Yeah, we're not getting that, that's not getting greenlit anymore.
Right. So you have to kind of accept the fact that if you want to watch an espionage show
with Oscar Isaac and Ethan Hawk, it's got to be about Moon Night.
It can't just be about, like, the Borden legacy.
My last question,
if you found yourself in a Wanda Maximoff S position
where you had to hide away in a fictional television world,
what show would you pick?
Oh, my God.
It has to be a scripted show.
Why, would you pick Top Chef?
Yeah, no, or I'd pick, like, the, you know, any Asian,
based episode of parts unknown.
You know what I mean?
Although I guess wet markets...
Tokyo sex shops.
I was like to say,
wet markets have taken a bad rap
the last year,
so maybe not that anymore.
Boy.
So I'm hiding out and I'm...
Yeah, and it's like,
I think that what you're looking at here
is comfort, right?
Like, so you're not going to choose deadwood.
Do you know what I mean?
No.
You're not going to be like,
what I want to do is get consumption, you know?
I think the most natural pick
is like a Mike Scher sitcom, right?
So it's like parks and rec because everybody's nice and doing their best.
And you can, there's a decent diner.
And like you could just kind of hang out there for a while.
I don't think I necessarily, if I was really like seeking mental refuge, it would be like my watching habits.
Right.
It wouldn't, I don't, I don't really want to like vibe out with something extremely challenging.
You know, I don't want to like just join the police force with Elizabeth Moss in top of the lake season one or two just to like heal my soul.
What do you got?
What's your answer?
I definitely would go pre-internet
just because I think that would be
like sanity producing.
And it's tough.
Like part of me wants to say Miami Vice
and just drive around in 80s, Florida,
and sports cars,
but there was a lot of murder in that show.
Yes, that's the thing.
I don't know if my lifespan would be ideal.
Part of me was like,
wouldn't it be fun to be like
a mid-level member of Coach Taylor's staff?

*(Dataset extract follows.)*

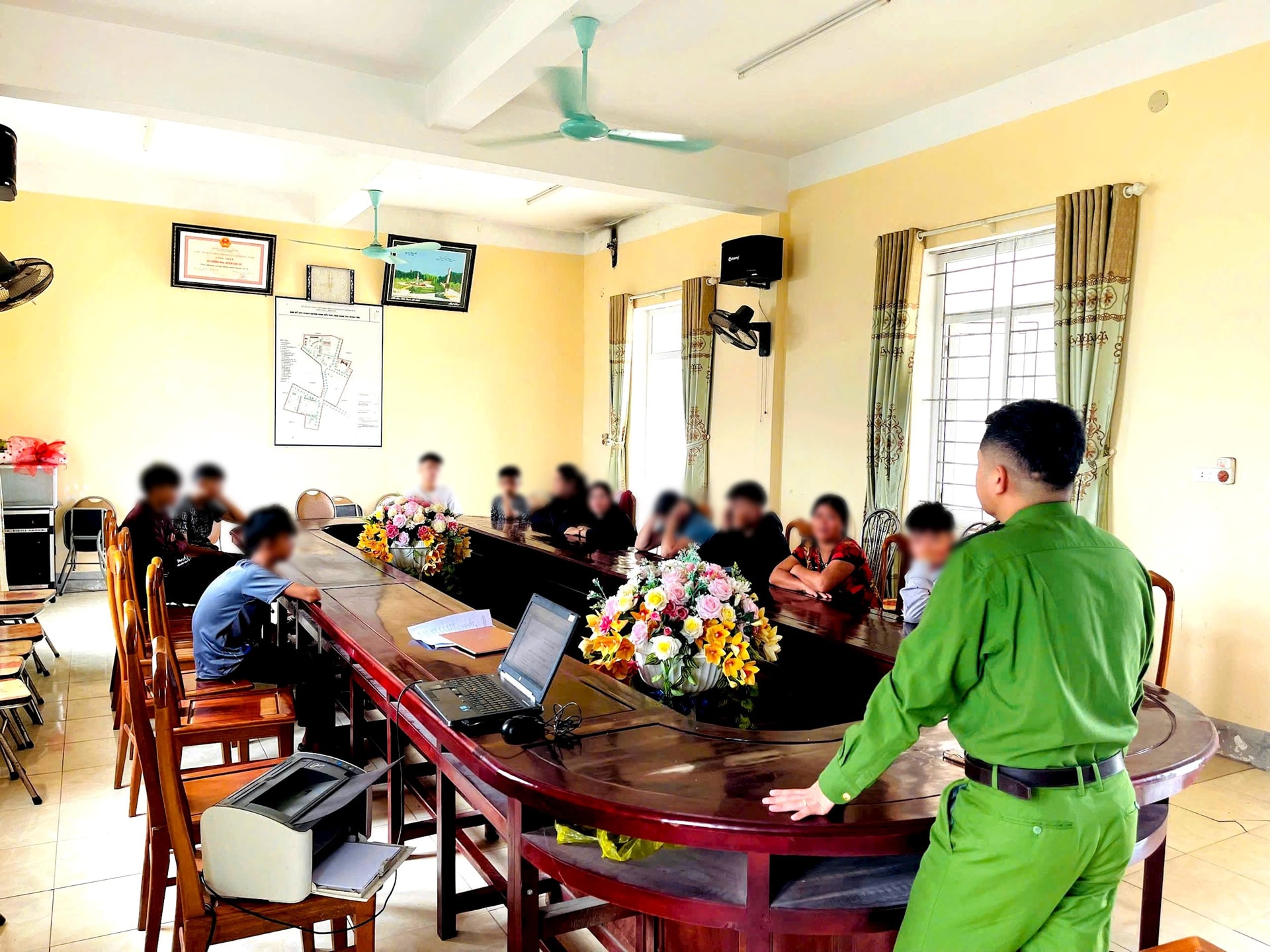Công an xã Trường Lưu phối hợp chặt chẽ với các gia đình để theo dõi, giáo dục, kèm cặp con cái.

in Friday at lights, like the quality control guy or, you know, like,
linebackers coach.
And like every once a month I get to have dinner with the tailors and catch up on everything.
But for the most part, I have like a pretty chill life in, in West Texas.

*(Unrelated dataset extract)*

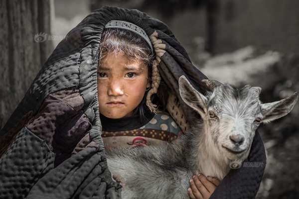 小女孩怀抱心爱的羊宝宝在家门口晒太阳,眼里流露着清澈渴望的目光。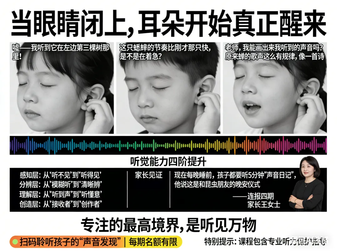 它是听觉智力的启蒙课,是专注力的重塑课,是生命共情的实践课。

But if you look at the timeline of that show, you have very little job security because
that guy changed jobs a lot.
And I also think that like you have to deal with like, you know, season two, while we choose
to ignore it would be a reality for the people on that show.
So Landry killing a guy.
That guy killed the guy, yeah.
The train crash in season one, you know, streets going to get shark stem cell therapy.

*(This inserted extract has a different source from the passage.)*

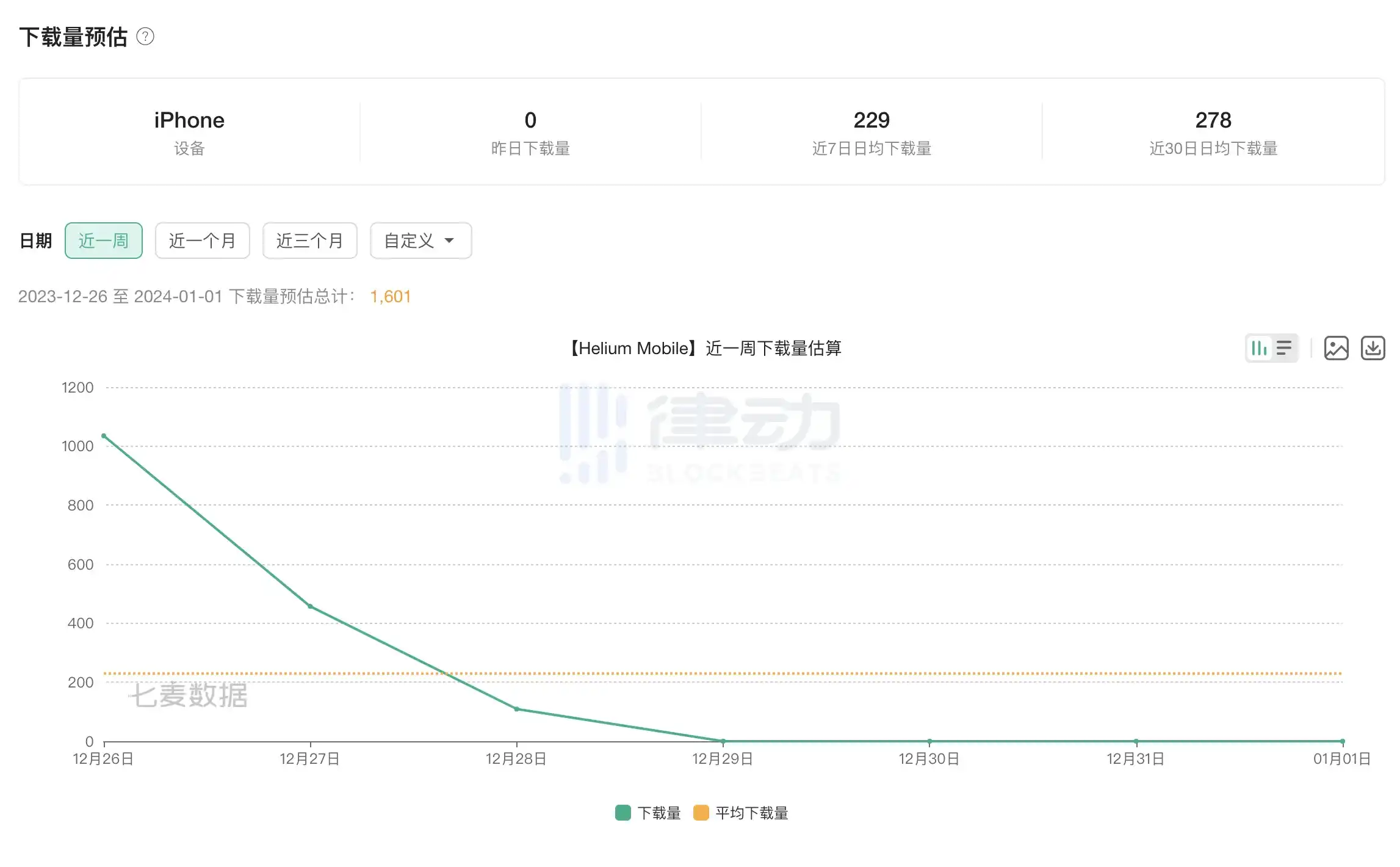 据第三方 appstore 数据平台显示,Helium Mobile 在美区 App Store 的 iPhone 用户预估下载量已连续 4 日录得 0 次,相较于前几日高点已快速大幅回落;近 7 日日均下载量在 12 月 26 日数据(1035 次)的支撑下仅为 229 次,预计该数据明日(去除 12 月 26 日数据后)将再次大幅下跌;过去一周预估下载量总计 1601 次,预计该数据明日同样将大幅下跌。

I also see this as a long con to get you back to Philadelphia, which is where the Taylor ended up.
That's all I want is to be the OC in Temple underneath Coach Taylor.
But yeah, I would say probably in Miami, even if it would be a short run.
I would love to watch you on a go fast boat or whatever they called them in the TV show.
I think, listen, I think you look great in.
deal. I always have. Thank you, man. I think so, too. We're going to wrap it up there.
We'll be back on Thursday, and we'll continue talking about Wanda Vision throughout the season,
so you can expect our Monday shows to cover them. So keep on top of that show. And until then,
man, I'll talk to you on Thursday. Great job for Hainskies. Just really think we did it.